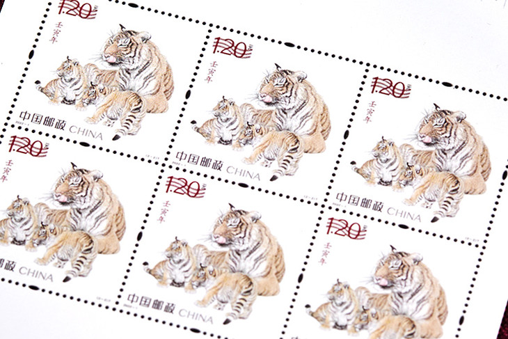 邮票上的老虎威中不失仁厚,毛发清晰可见,神态沉稳,于高山上矗立远眺,“显大国之风”。
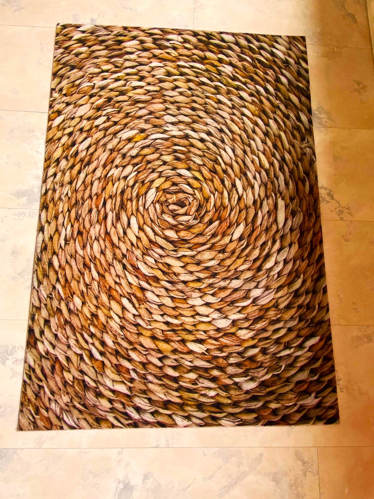 vysokokvalitný málo používaný koberček vhodný kdekoľvek,nemusíte ho vysávať, stačí len pretrieť mopom alebo handrou,ak doma máte psa alebo deti, je pre vás ideálnou voľbou.Vinylový koberec je tiež nehorľavý a zároveň dobre izoluje. Chráni parkety pred poškriabaním a oceníte ho najmä v kuchyni - nebude vám zima od nôh a bude sa ľahko čistiť,je protišmykový . Vyrobený z kvalitného viacúčelového polyesteru a potlač je robená atramentami na báze prírodných pigmentov s vysokou stálosťou farby. Nemnožia sa v ňom baktérie, takže je vhodný pre alergikov i astmatikov.
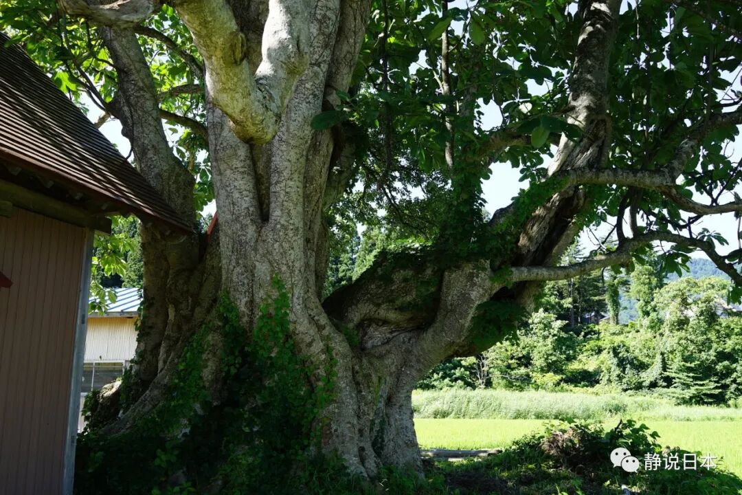 村里有一颗日本最大的荷叶树,周长10.7米,树龄600年。

= ASSIGNMENT =
Where the data includes pictures, leave them out and write out everything else exactly.

= SOLVED EXERCISE =
 邮票上的老虎威中不失仁厚,毛发清晰可见,神态沉稳,于高山上矗立远眺,“显大国之风”。
 vysokokvalitný málo používaný koberček vhodný kdekoľvek,nemusíte ho vysávať, stačí len pretrieť mopom alebo handrou,ak doma máte psa alebo deti, je pre vás ideálnou voľbou.Vinylový koberec je tiež nehorľavý a zároveň dobre izoluje. Chráni parkety pred poškriabaním a oceníte ho najmä v kuchyni - nebude vám zima od nôh a bude sa ľahko čistiť,je protišmykový . Vyrobený z kvalitného viacúčelového polyesteru a potlač je robená atramentami na báze prírodných pigmentov s vysokou stálosťou farby. Nemnožia sa v ňom baktérie, takže je vhodný pre alergikov i astmatikov.
 村里有一颗日本最大的荷叶树,周长10.7米,树龄600年。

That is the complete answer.